▸ **Exercise details**:
What you return should match the material below line for line, except that no image appears in it.

══ Collected data

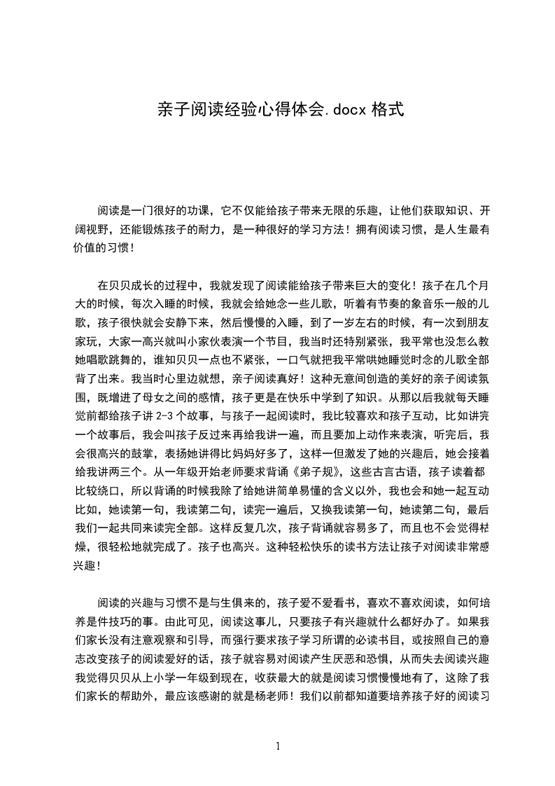 亲子阅读心得体会二:
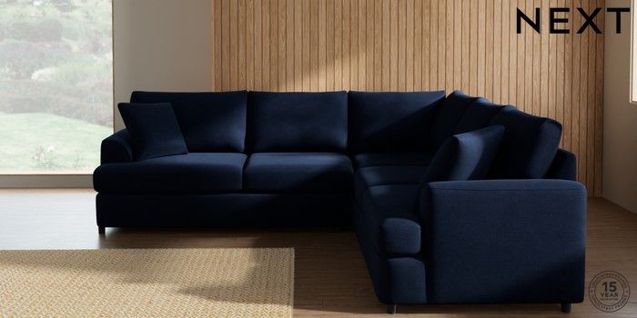 7.2.10 Parker Platform Medium Corner Sofa - Universal Luxe Chenille Navy Blue Glide | Made Click here to use our website with more accessibility support, for example screen readers
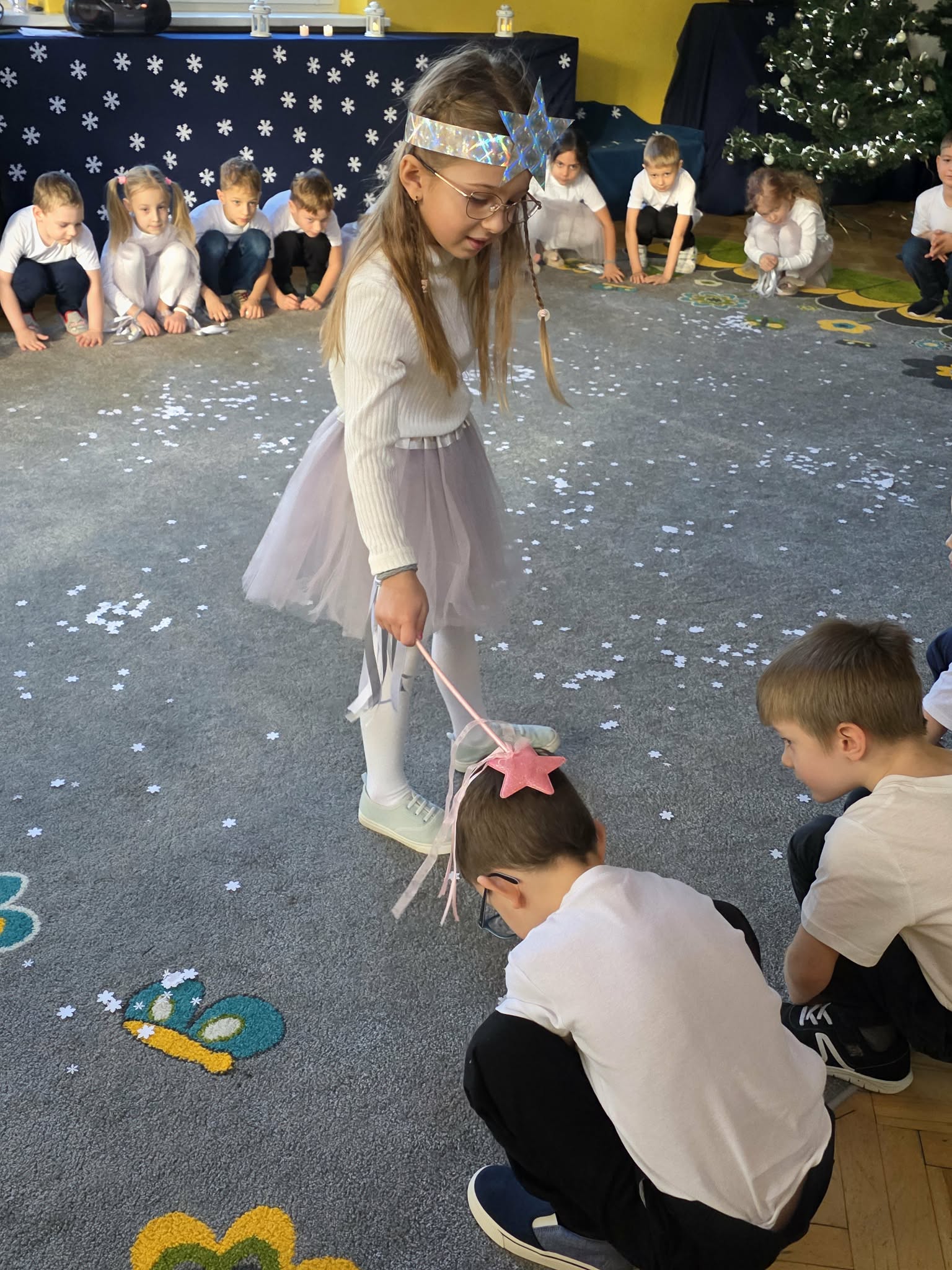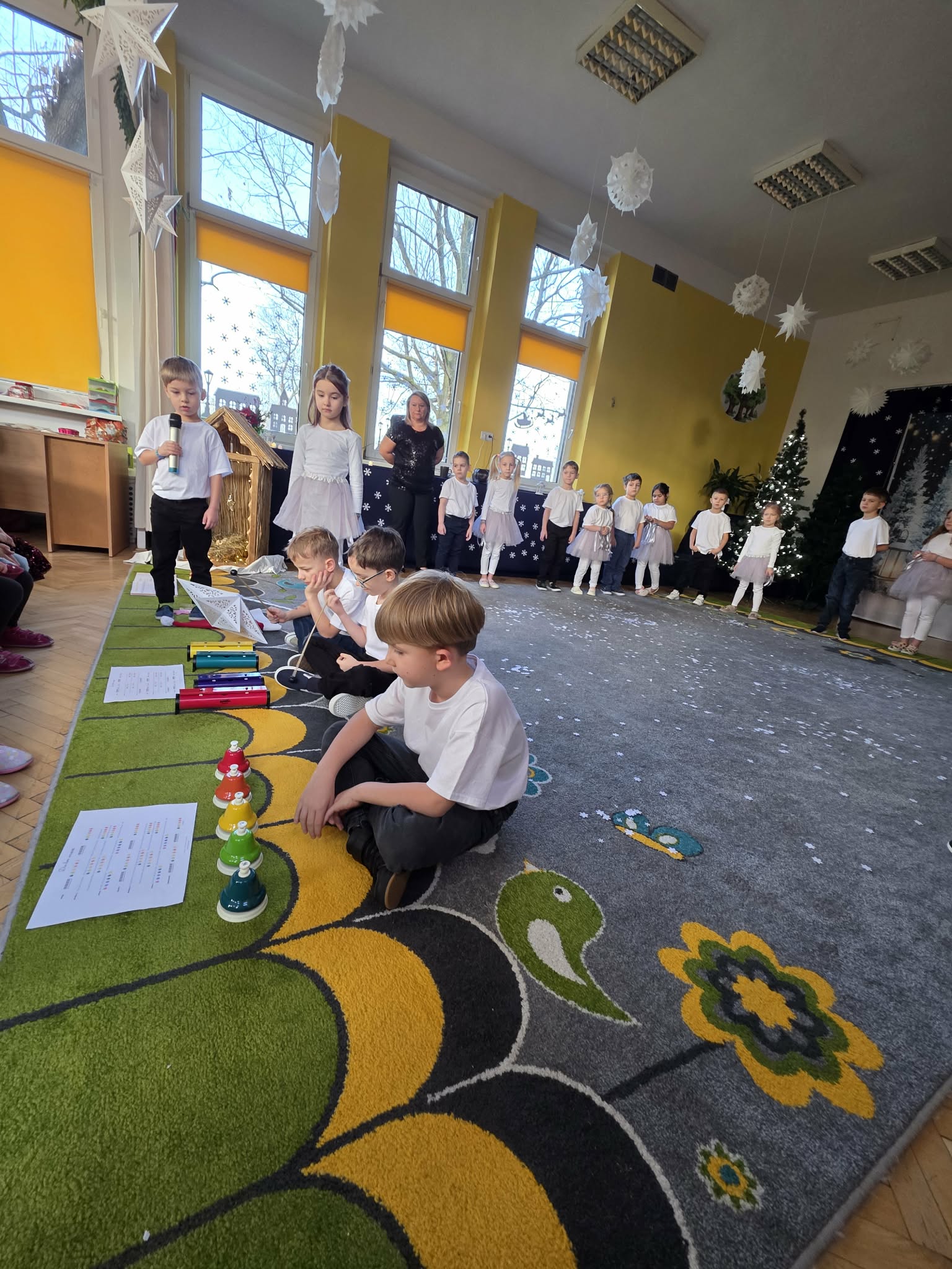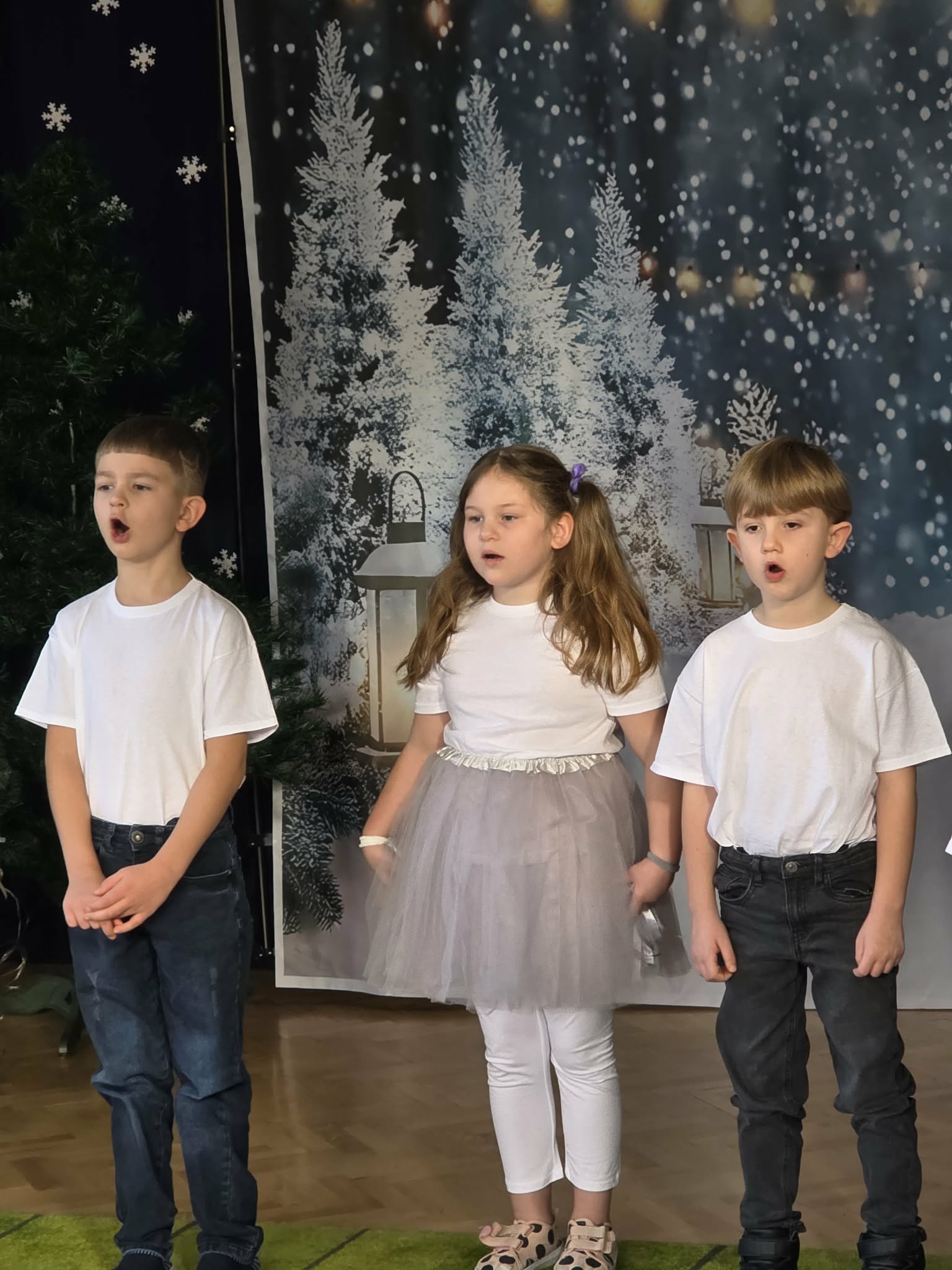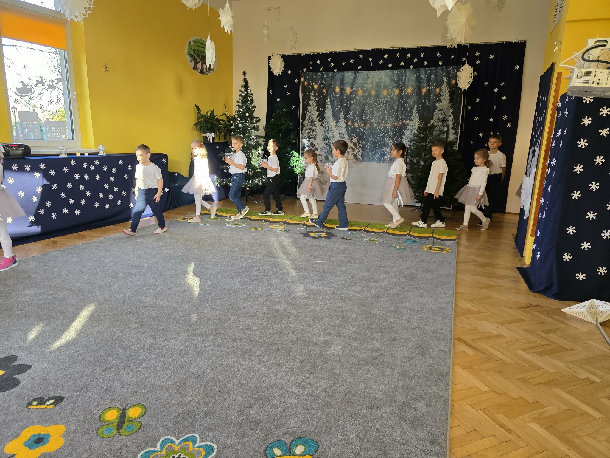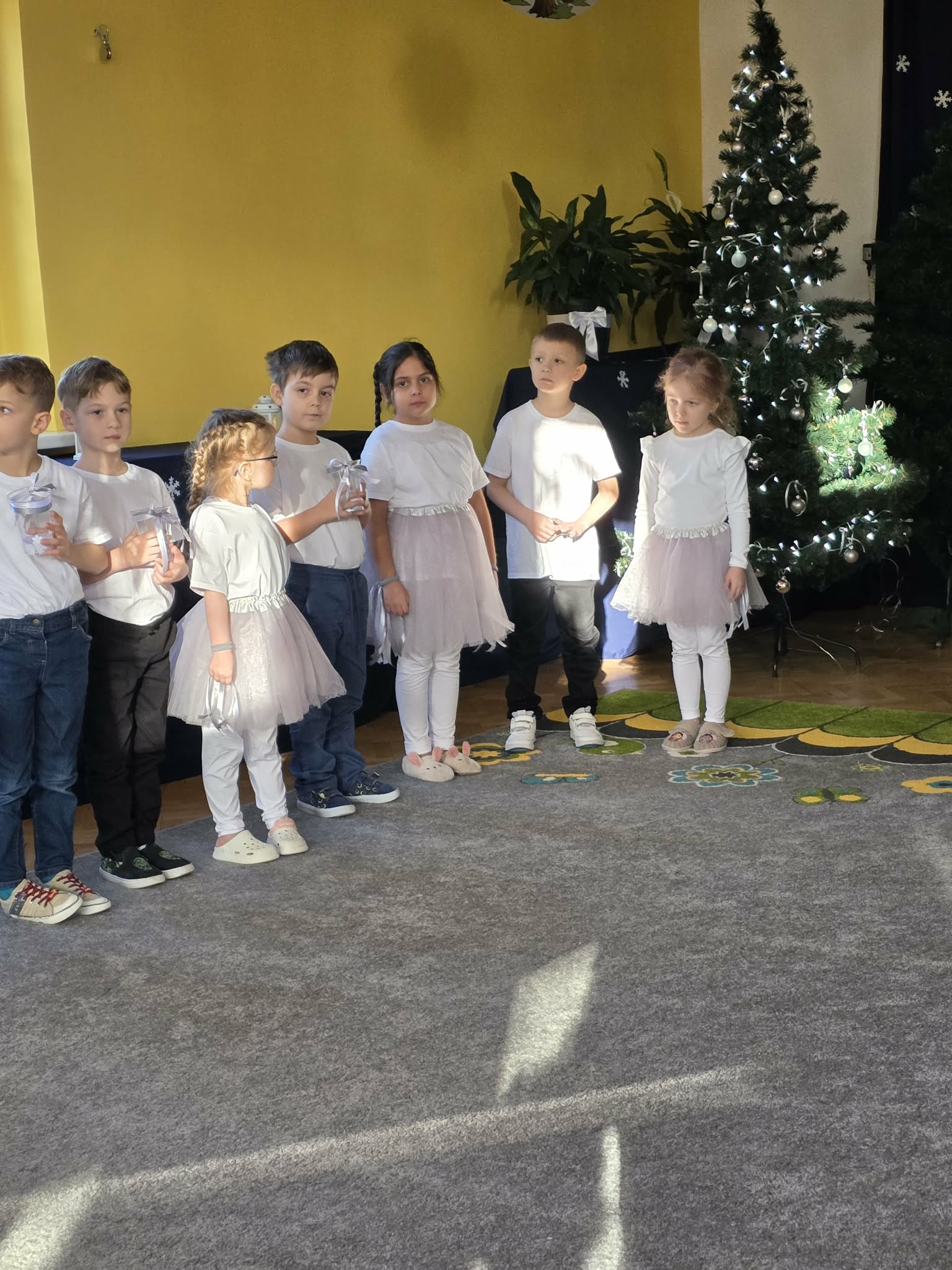 Dzieci z grupy Motylki zaprezentowały piękne jasełka, które na długo pozostaną w naszej pamięci. Wyjątkowy występ prowadziła Gwiazdka, niosąca radość i miłość, która przeniosła widzów przez świąteczną opowieść i wprowadziła wszystkich w niezwykły klimat Świąt Bożego Narodzenia. Mali artyści z ogromnym zaangażowaniem wcielili się w swoje role, zachwycając publiczność śpiewem oraz grą aktorską. Przedstawienie było bardzo wzruszające i poruszające serca – pełne ciepła, emocji i świątecznego przesłania. Występ Motylków przypomniał nam o tym, co w Świętach najważniejsze: miłości, dobroci i byciu razem. Serdecznie gratulujemy dzieciom wspaniałego występu oraz dziękujemy wszystkim, którzy przyczynili się do przygotowania tego wyjątkowego wydarzenia.

════

▸ **Reply to the task**:
 亲子阅读心得体会二:
 7.2.10 Parker Platform Medium Corner Sofa - Universal Luxe Chenille Navy Blue Glide | Made Click here to use our website with more accessibility support, for example screen readers
 Dzieci z grupy Motylki zaprezentowały piękne jasełka, które na długo pozostaną w naszej pamięci. Wyjątkowy występ prowadziła Gwiazdka, niosąca radość i miłość, która przeniosła widzów przez świąteczną opowieść i wprowadziła wszystkich w niezwykły klimat Świąt Bożego Narodzenia. Mali artyści z ogromnym zaangażowaniem wcielili się w swoje role, zachwycając publiczność śpiewem oraz grą aktorską. Przedstawienie było bardzo wzruszające i poruszające serca – pełne ciepła, emocji i świątecznego przesłania. Występ Motylków przypomniał nam o tym, co w Świętach najważniejsze: miłości, dobroci i byciu razem. Serdecznie gratulujemy dzieciom wspaniałego występu oraz dziękujemy wszystkim, którzy przyczynili się do przygotowania tego wyjątkowego wydarzenia.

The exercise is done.